Saat digerebek oleh warga, sang laki-laki sempat melarikan diri sejauh 100 meter dari rumah tempat dia melakukan hubungan badan. Cipto langsung dihajar oleh warga setempat karena dianggap membawa aib. Nasib ayah dua anak tersebut sedikit beruntung karena pihak kepolisian datang untuk melerai warga yang sedang emosi tersebut.

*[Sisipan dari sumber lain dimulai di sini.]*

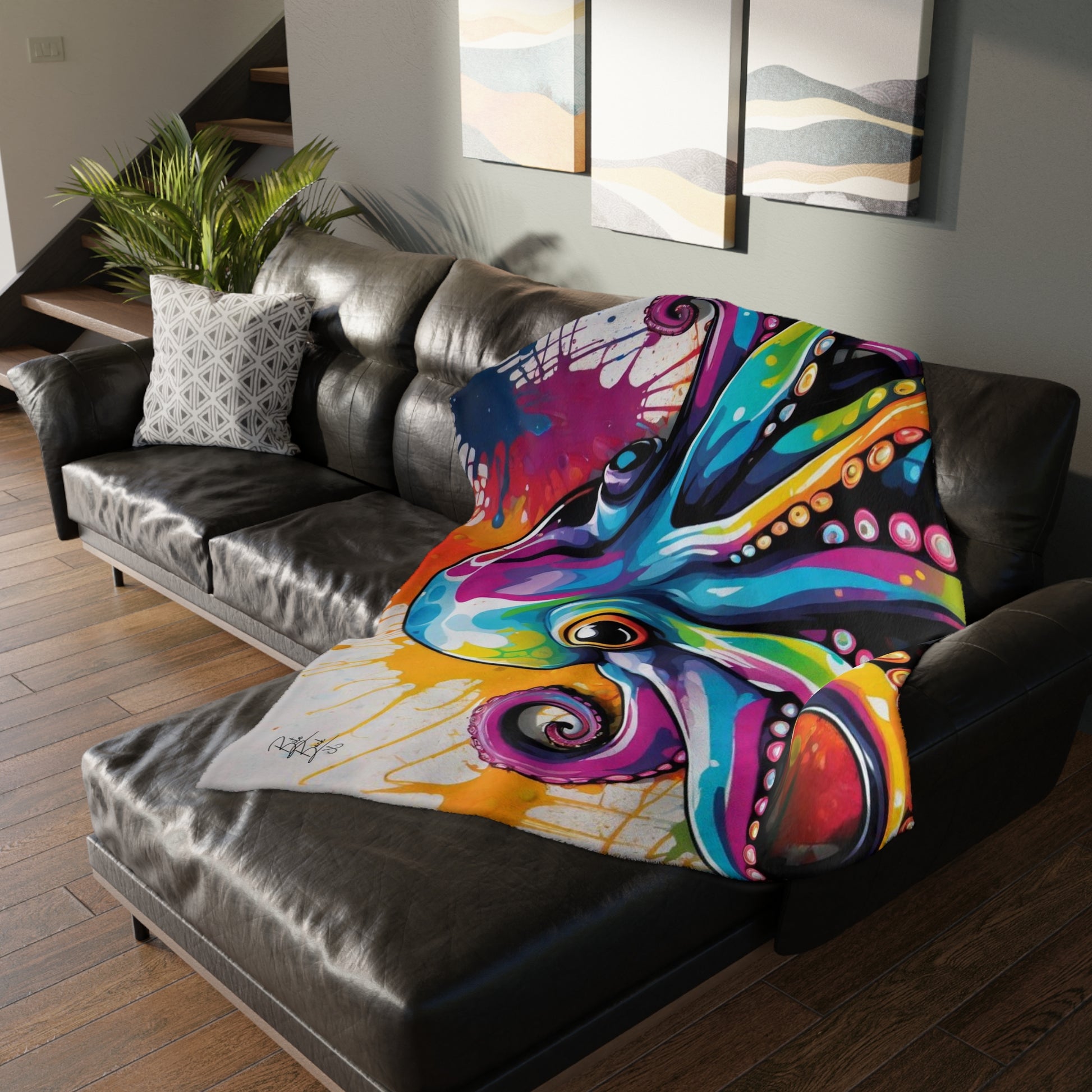๐ This isn't just any blanket; it's an octo-rific masterpiece that's super soft to the touch and comes already customized with our unique Octopus design. It's like getting a warm hug from the deep blue sea!
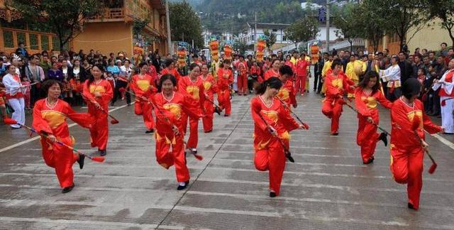 一般首先出場(chǎng)的是”打蓮湘”、“車(chē)幺妹”還有“劃旱船”表演:
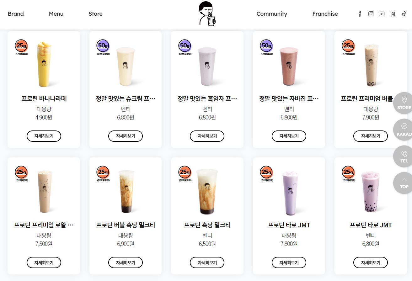다만 다이어트 중이라면 당류나 칼로리도 중요할텐데, 초코크림 프로틴 쉐이크...는 왜인지 모르겠지만 홈페이지에서 사라졌으니 조금이라도 비슷한 음료를 예시로 들고와보자면,
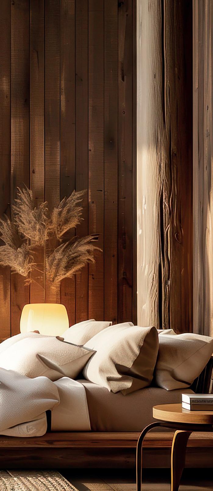 sensation de calme. Optez pour un mobilier minimaliste et pratique, qui laisse suffisamment d’espace pour circuler librement dans la pièce. Les tables de chevet et les rangements intégrés permettent de maintenir un environnement ordonné et dégagé. Pensez à ranger les objets du quotidien hors de vue et évitez de surcharger la chambre avec des éléments de décoration superflus. Les accessoires décoratifs devraient être choisis pour leur capacité à inspirer la sérénité et peuvent inclure des objets en matériaux naturels comme le bois, la céramique ou le lin. Le lit, pièce maîtresse de la chambre, doit être choisi avec soin pour allier confort et esthétique. Un bon matelas et des oreillers de qualité sont essentiels pour assurer un sommeil réparateur. Les draps et les couvertures en matières naturelles, comme le coton ou le lin, offrent un toucher doux et respirant, idéal pour créer un environnement confortable. En optant pour des textiles aux couleurs apaisantes, vous renforcerez l’effet relaxant de la pièce. Les couvertures douillettes et les coussins moelleux ajoutent également un aspect cosy à la chambre, favorisant une atmosphère accueillante.
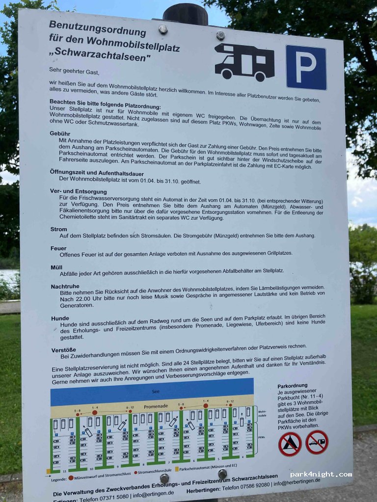 Geschotterte Stellplätze direkt am See und der Promenade gelegen. Zufahrt problemlos. Stellplatzgebür 14 Euro für 24 Std (wird auch kontrolliert). Strom für 50 Cent/KWh. Frischwasser gibts umsonst. Entsorgungsmöglichkeit ebenfalls vorhanden. Duschen am Badesee möglich, Toiletten befinden sich am Restaurant. Allerdings sind diese später am Abend, nachdem das Restaurant schließt, unbeleuchtet.
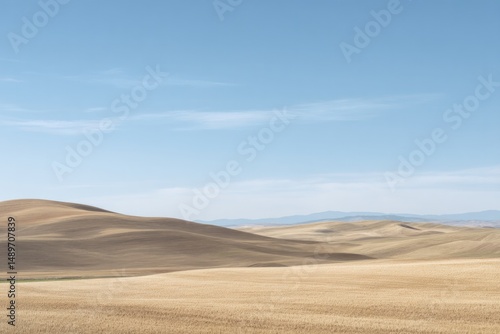 © Andrei, Fototapeta premium vast open field viewed from above with rolling hills in distance capturing essence of tranquility and openness
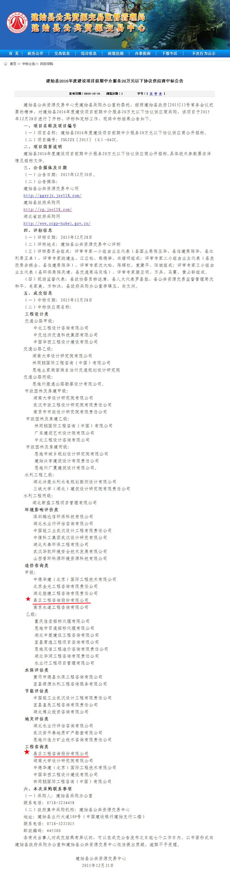 【經(jīng)營(yíng)成果】我司入選建始縣2016年度建設(shè)項(xiàng)目前期中介服務(wù)20萬(wàn)元以下協(xié)議供應(yīng)商
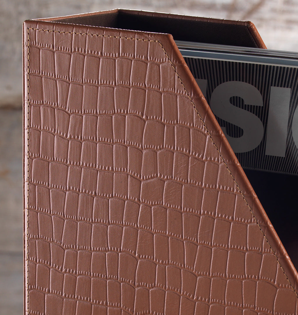 Prestige Tan Brown Crocodile Embossed Leather A4 Magazine Rack
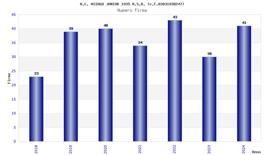 | Anno | Firme | Importi | Media | Naz. | Reg. | Prov. | Comu. |
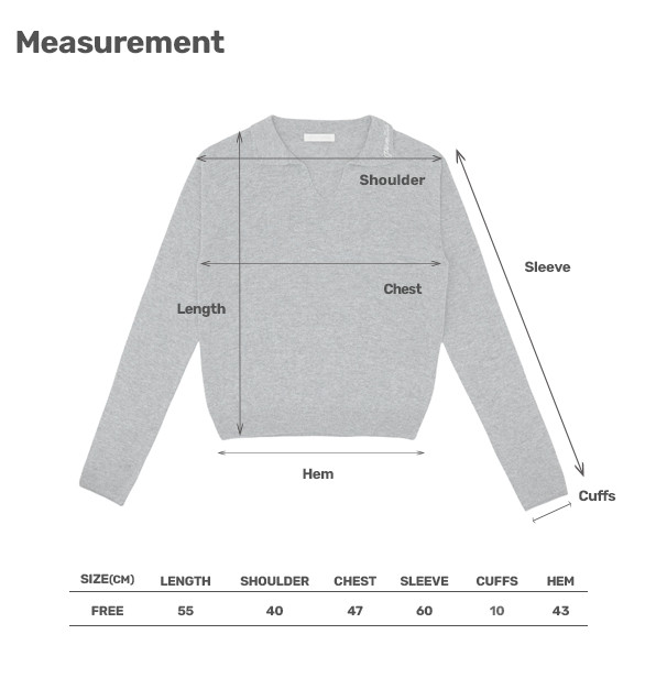 치수<MEASUREMENT> F LENGTH 55CM SHOULDER 40CM CHEST 47CM SLEEVE 60CM CUFFS 9.5CM HEM 34CM
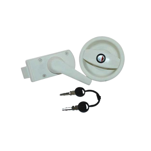 Cerradura exterior blanco perla con cerradura interior blanca crema para puerta de caravana con apertura a la izquierda.
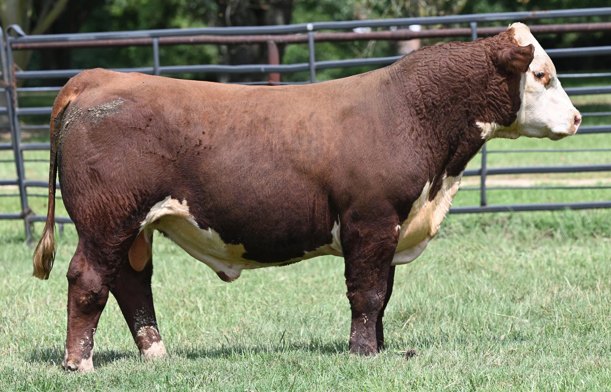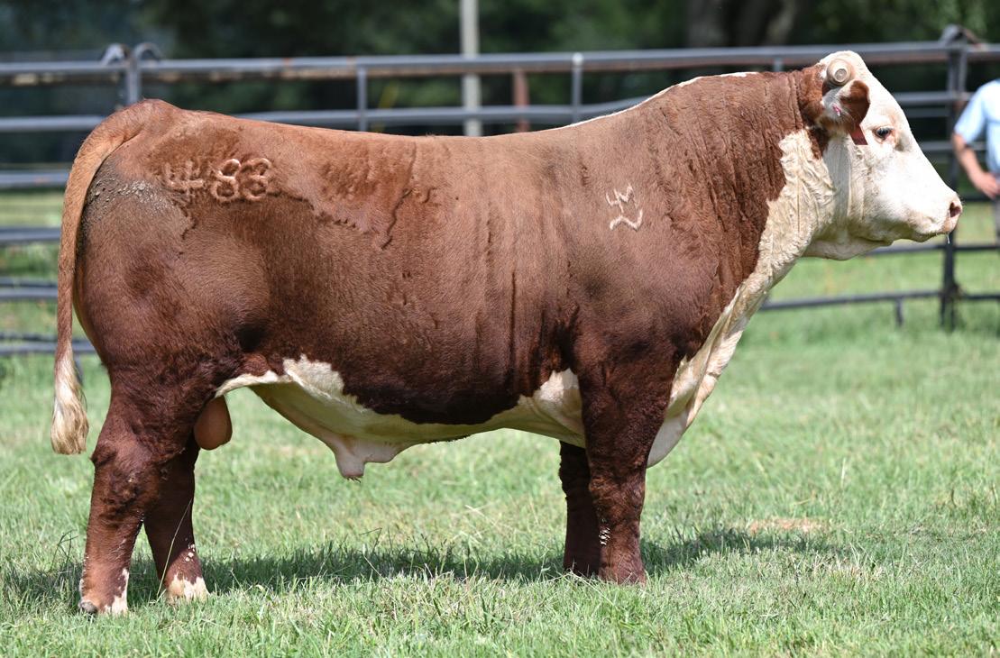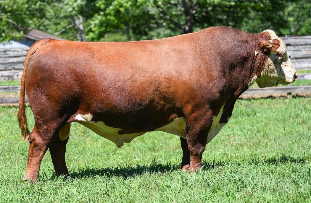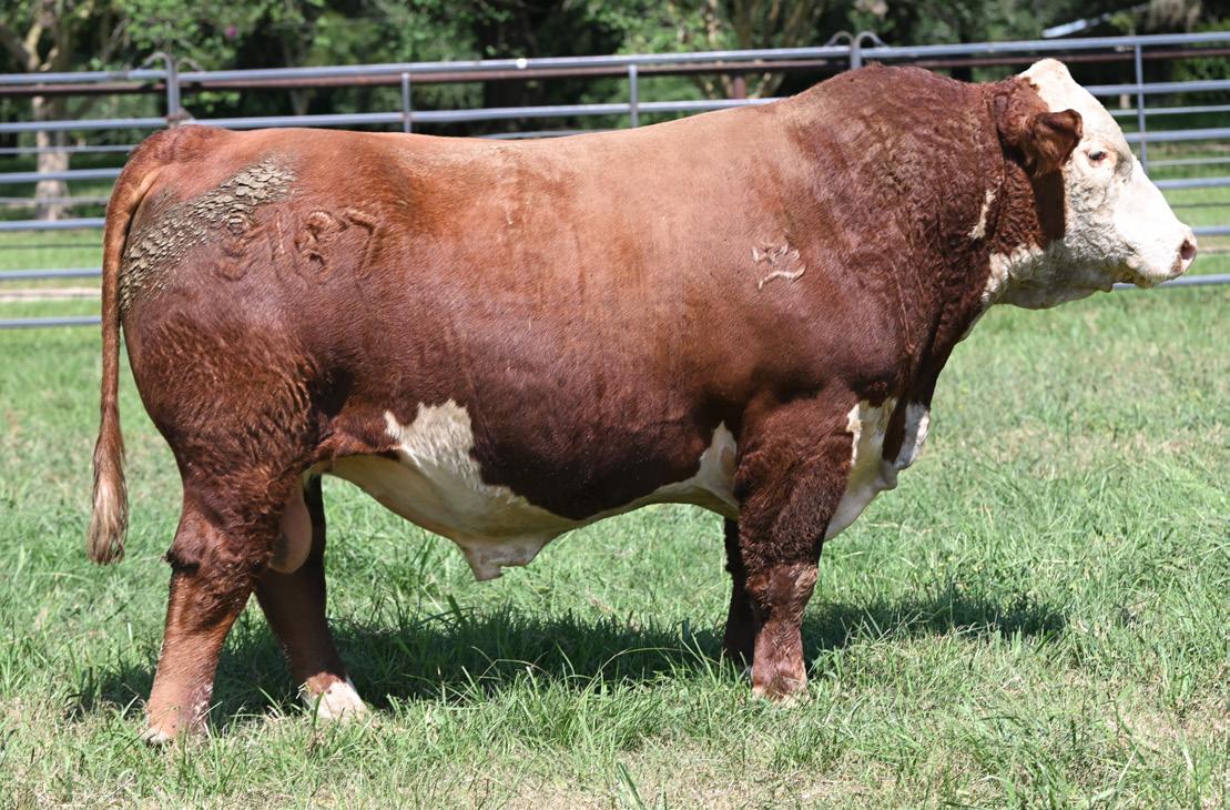 • 476 ranks in the top 6% for WW, 11% for YW, 7% for SCF, 10% for MG, 4% for TEAT, 1% for REA and CHB, 3%for MARB, BMI & BII. He ratioed a 102 for WW & YW. His dam records a milking ratio of a 113 for her daughters. A paternal brother sold to Barnes Herefords, GA for $9,500 from our 2024 Fall Sale.
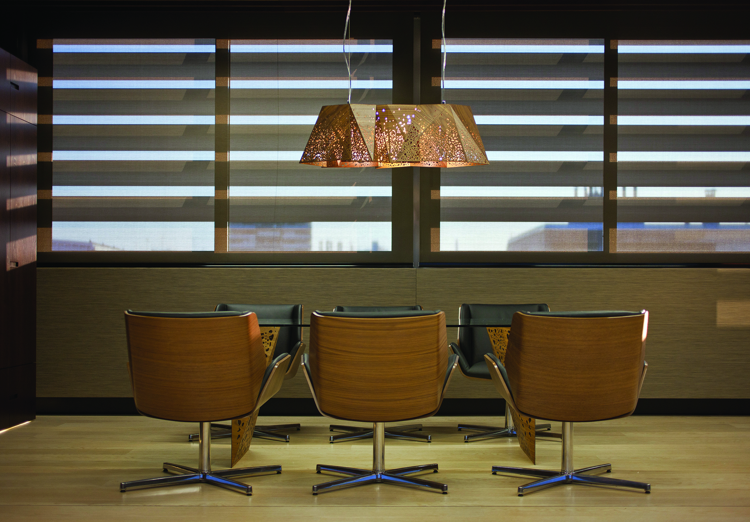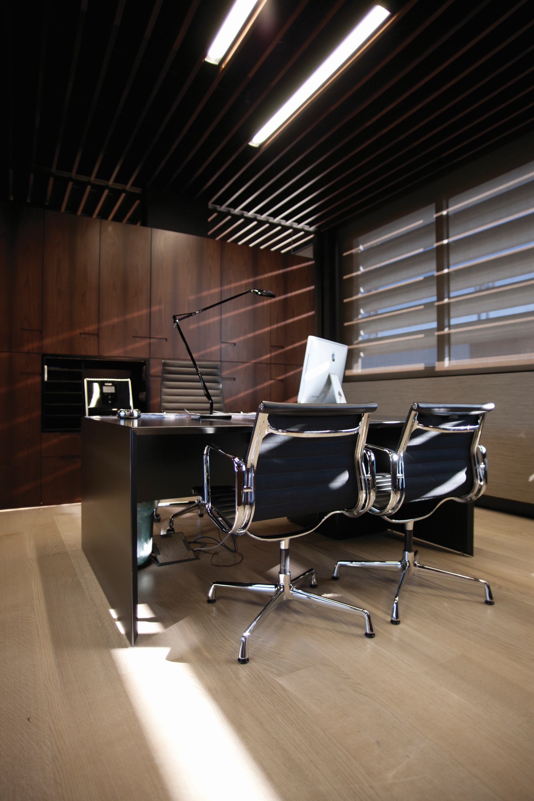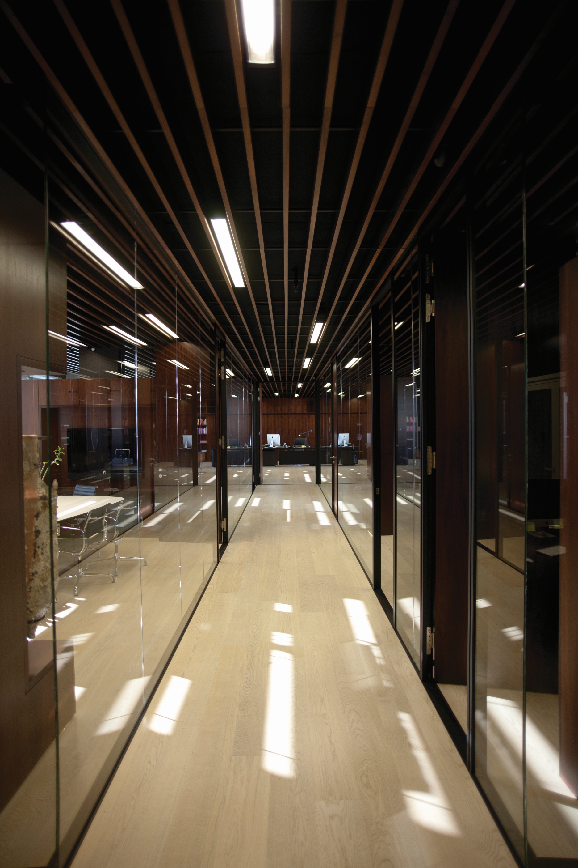 Izmedu stropnih lamela ‘skriveni’ su sprinkleri, lampe, zvučnici i ventilacija, a između njih prolaze staklene pregrade. Svi ormari izrađeni su po mjeri, sadrže otvorene police za pisače, telefone i slično, te se u njima nalaze upravljački paneli za svjetlo, zaštitu od sunca, zaštitu od pogleda i audiosustav. Na radnim stolovima tako ostaju samo računala i hrpe papira.
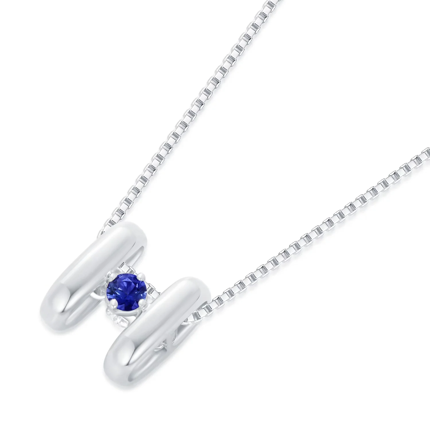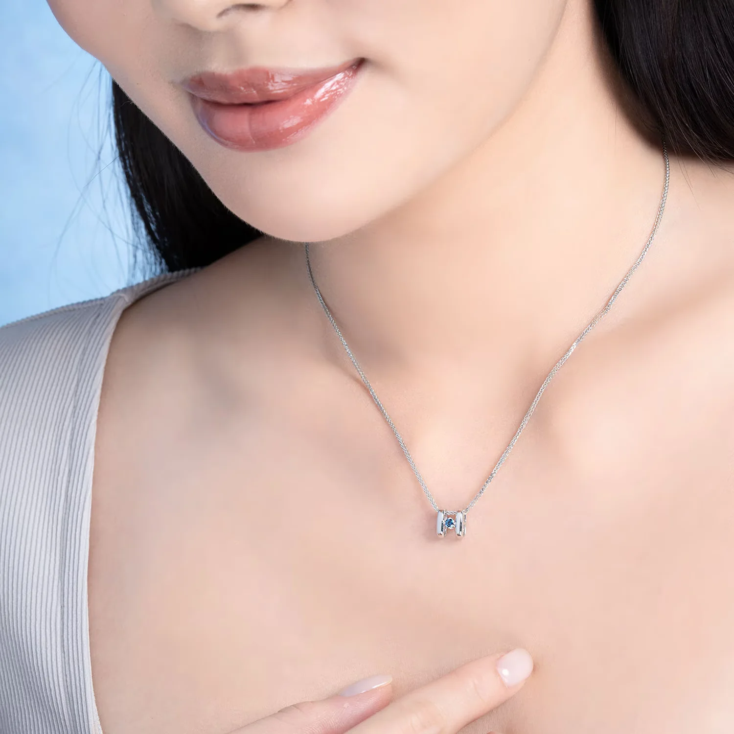 简约色调18K白金钻石/蓝宝石吊坠
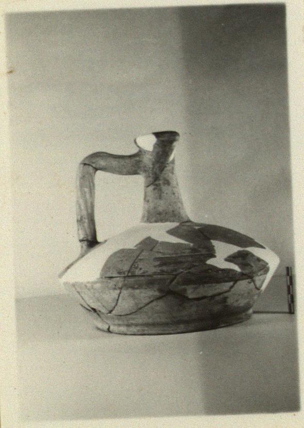 | Description: | Made up from many pieces; restored in plaster. Low ring foot; broad angular shoulder; flaring rounded lip; grooved, slightly twisted handle. Broad bands of red around foot and shoulder, and on lip. Buff to pinkish-buff clay. White ground much flaked. | |
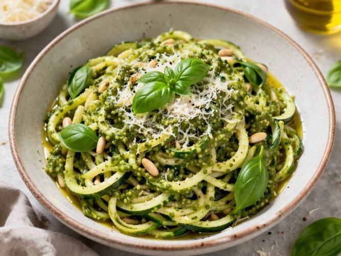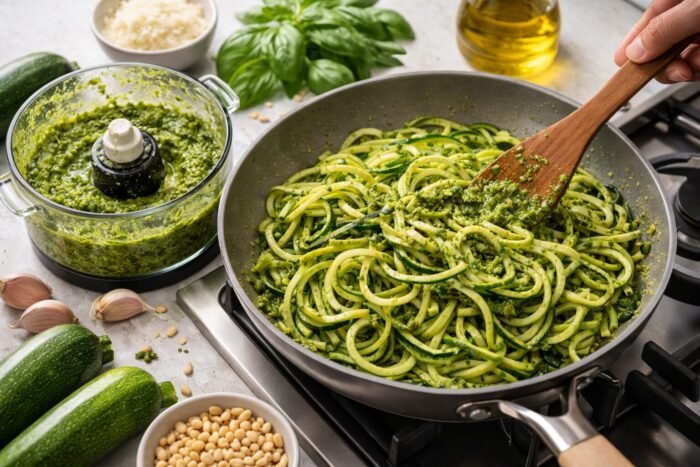 Zucchini is turned into thin, noodle-like strands. They are soft but slightly crisp. Then they are mixed with fresh pesto, which brings in all the flavor—basil, garlic, olive oil, that rich green goodness.
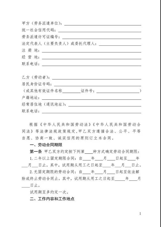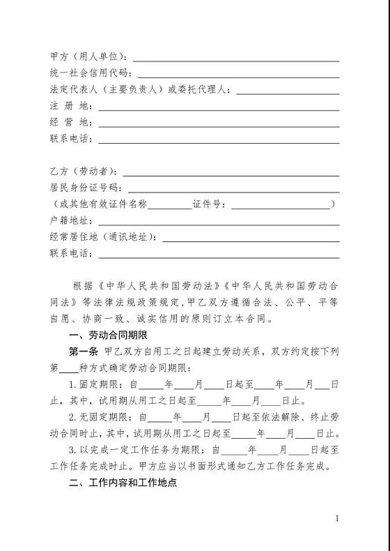 以下合同范本由人力资源社会保障部于2019年11月发布,根据《中华人民共和国劳动合同法》等法律法规和政策规定编制。
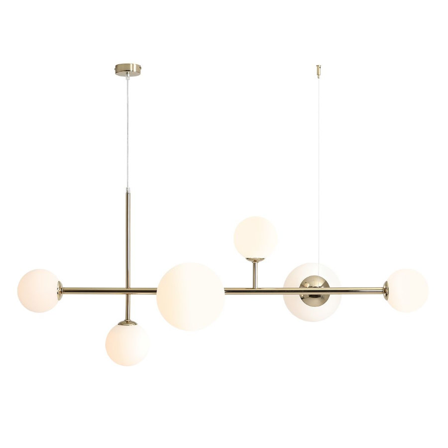 Idealnie sprawdzi się w każdym większym pomieszczeniu o oszczędnych i lekkich formach. Ten nowoczesny model firmy Aldex łączy w sobie estetykę wykończenia z ponadczasowym materiałem i kolorem. Mosiądz doda wnętrzu elegancji i odrobinę zmysłowości, a białe kuliste klosze spowodują, że nie przytłoczy nawet sypialnego pomieszczenia. Kule wykonane z matowego szkła rozmieszczone są wokół mosiądzowego ramienia lampy.
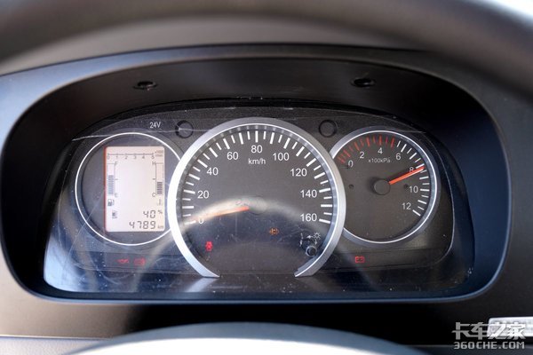 仪表使用三联表,最右侧配备了橙色的显示屏,显示信息也较为新颖,转速表、油量显示、尿素量显示、以及水温表都集成在显示屏上。
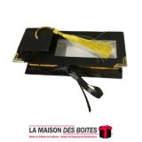 Be the first to review “Boîte Pâtisserie en Daim Rectangulaire pour Soutenance avec Couvercle Transparent- Noir & Doré – (14x5x4.3cm)”

Menurut keterangan salah seorang warga Desa Aengbaja Raja, Syaiful, hubungan keduanya sebenarnya sudah diketahui lama oleh warga setempat. Tapi selama ini warga diam saja karena tidak cukup bukti.
Rupanya, pada Rabu (18/3/2009) dini hari, Cipto datang ke rumah Yatik. Kesempata inilah membuat warga rama-ramai menghajar massa. "Pasangan selingkuh itu sempat dihajar warga. Yang laki-lakinya babak belur," ungkap Syaiful.
Saat ini keduanya dibawa ke Polsek Bluto untuk dimintai keterangan terkait kisah cinta keduanya. Keduanya dibawa ke kantor polisi untuk menghindari hal-hal yang tidak diinginkan.
"Keduanya kita mintai keterangan, Sutrisno pada detiksurabaya.com di kantornya, Jalan Raya Sumenep-Pamekasan.